The house that belongs to Meghan and Brett Oathout — built by the husband, and for the past year and a half, a payment away from foreclosure — is situated on a sparsely populated road running parallel to Route 3 in Liberty, connected to the highway by a perpendicular road at either end. On a map the road has the appearance of a railroad siding or a business access road, connected intimately with the primary route, but despite being a stone’s throw from cars rushing between Belfast and Augusta, the feeling at the Oathouts’ home is one of being far from civilization.

This was intentional. Brett Oathout, the more openly idealistic of the two, recounted his early desire to homestead. He wanted to build a solar home with a composting toilet, but no bank would finance the renovations, which were seen as problematic for the resale value of the home. Given a choice, he wouldn’t have gone to a bank at all, but as he puts it, he fell for the American Dream, and the equation of home ownership with independence.

The home that he built, a modest cube with wood siding and small windows, has electricity from the grid and a traditional septic system. But in other ways the Oathouts have managed to live a kind of pre-technological existence.

He cuts wood from the property to fuel a wood stove that heats the home. The hearth he recently built is of fieldstone from the property. The Oathouts have no computer or Internet access.
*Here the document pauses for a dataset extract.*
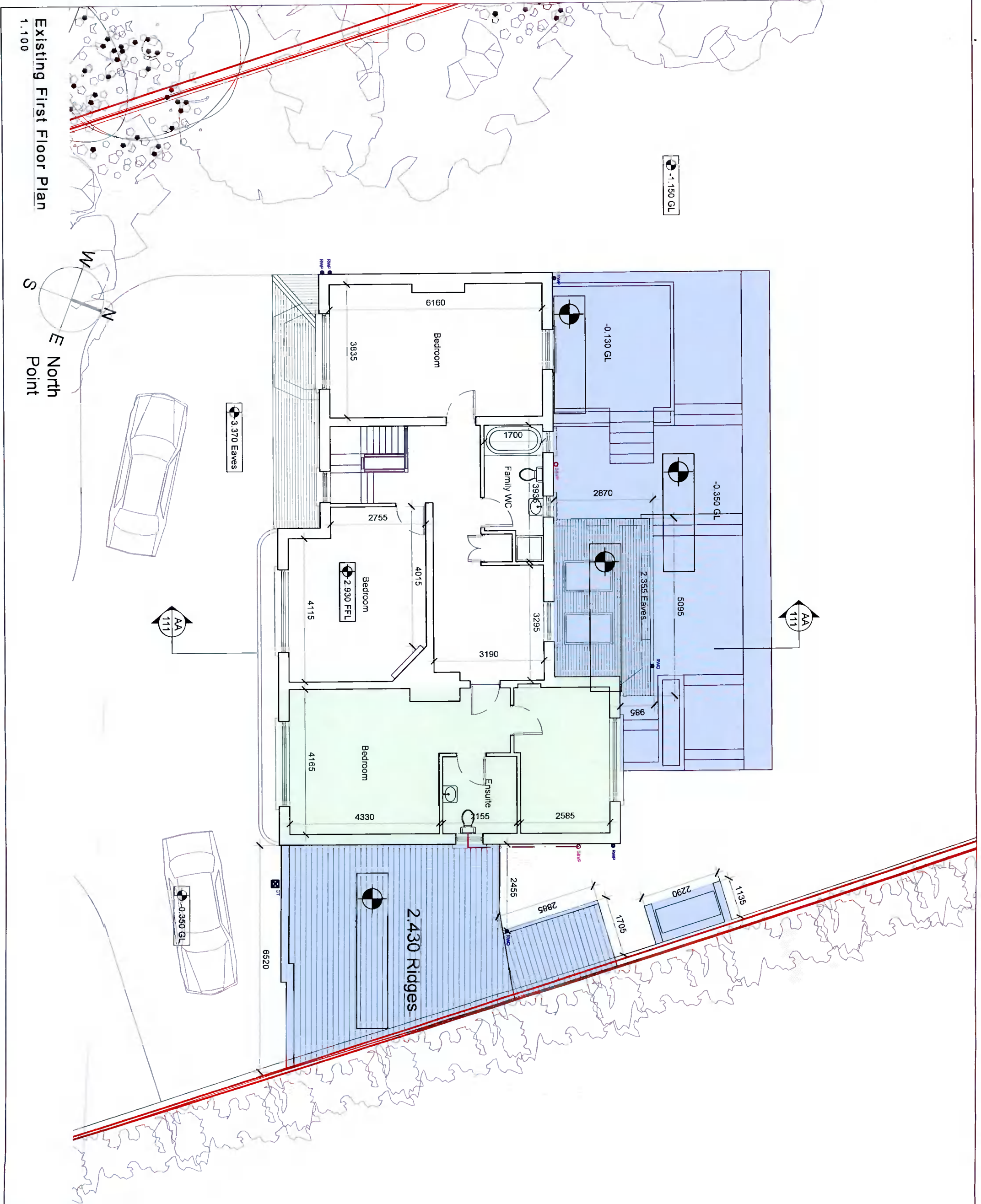
Existing First Floor Plan 1:100

Their only means of telecommunication, a single cell phone, has been used extensively over the past 18 months to communicate with a Littleton, Colo.-based mortgage servicing company called Aurora Loan Services that has been holding their mortgage in default for — as far as the Oathouts can tell — no apparent reason.

There was a reason in the beginning. Both husband and wife brought two children from previous marriages and in July 2008, they had a fifth child, a baby boy, together. Meghan Oathout stays home with the children, home-schooling the older ones, a decision that was in part ideological, but also financial. Brett Oathout, a self-employed contractor, was hit hard by the beginning of the recession. In the months prior to the birth of their youngest child, the Oathouts began to fall behind on their mortgage payments. At the time of his birth, they were three months behind and the house was in pre-foreclosure.
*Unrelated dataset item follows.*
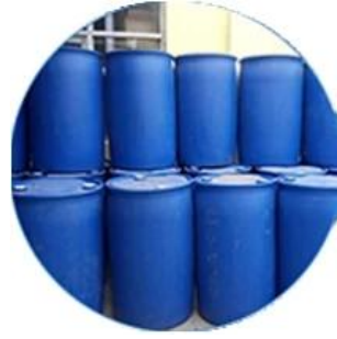
Kayan Kayan Kayan Kayan Gaskiya
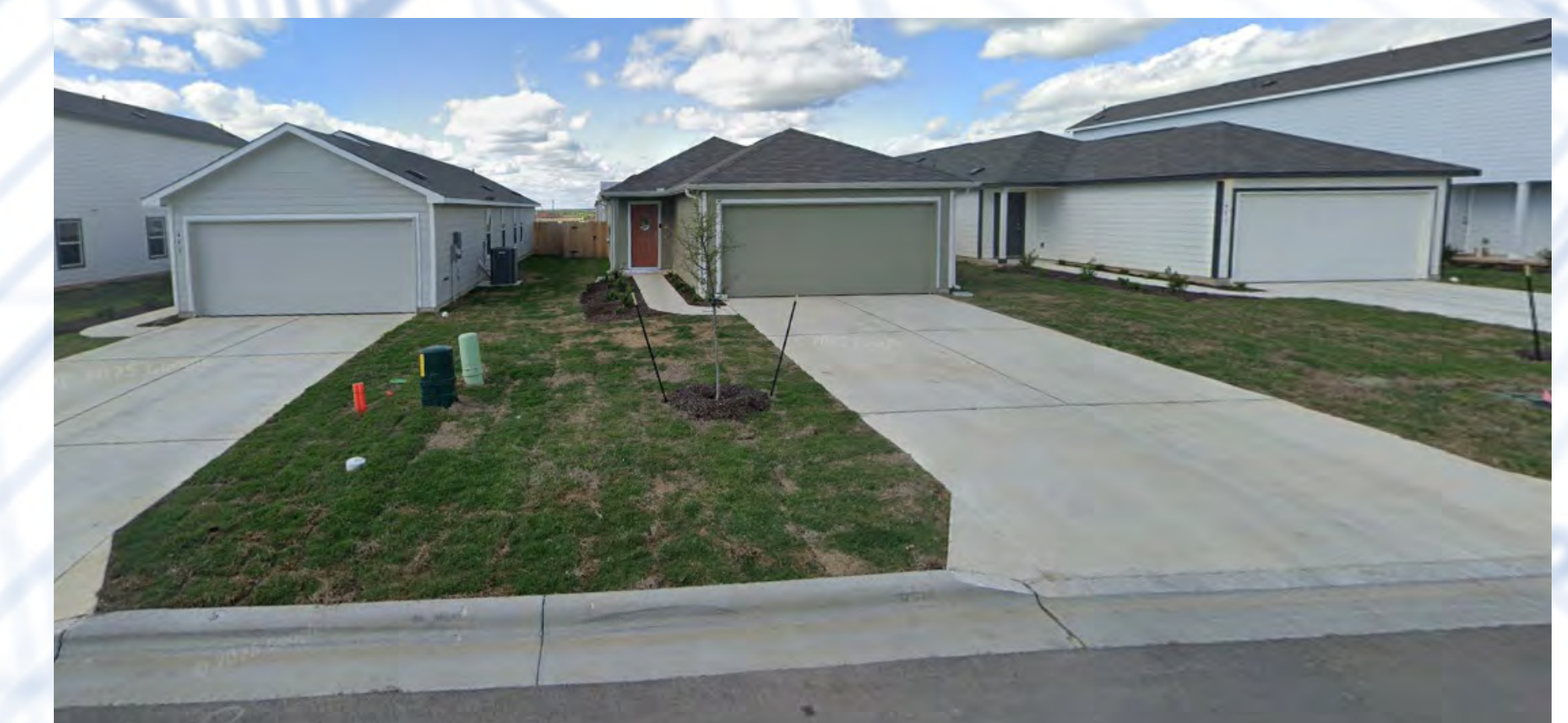
40ft Front Loaded

According to the Oathouts, Aurora Loan Services told them that, in order to save their home, they would need to sign up for a repayment plan, spreading the past-due amount over the course of a year. Instead of $671 per month, they would pay $807. The Oathouts signed up and made the payments on time for 12 months. During that period, their regular statements from ALS, sent by certified mail, did not reflect the payment plan, but they were told to ignore the statements. “You’ve got to believe them, I guess,” Brett Oathout said. “You have no other choice.”

In response to a request for comment, an ALS spokeswoman e-mailed this statement to VillageSoup: “Aurora Loan Services provides a broad array of workout options for delinquent borrowers and current borrowers who are in risk of default. It is our strong desire to help borrowers avoid delinquency and prevent foreclosure.”

In July 2009, believing they had completed the payment plan, Meghan Oathout called ALS and was told that the mortgage was still in default. Why? As she recounts it, the agent said Oathout had an adjustable-rate mortgage. Oathout checked her papers and found that the mortgage was a fixed rate. In response, the agent claimed not to know why the mortgage was in default, only that it was.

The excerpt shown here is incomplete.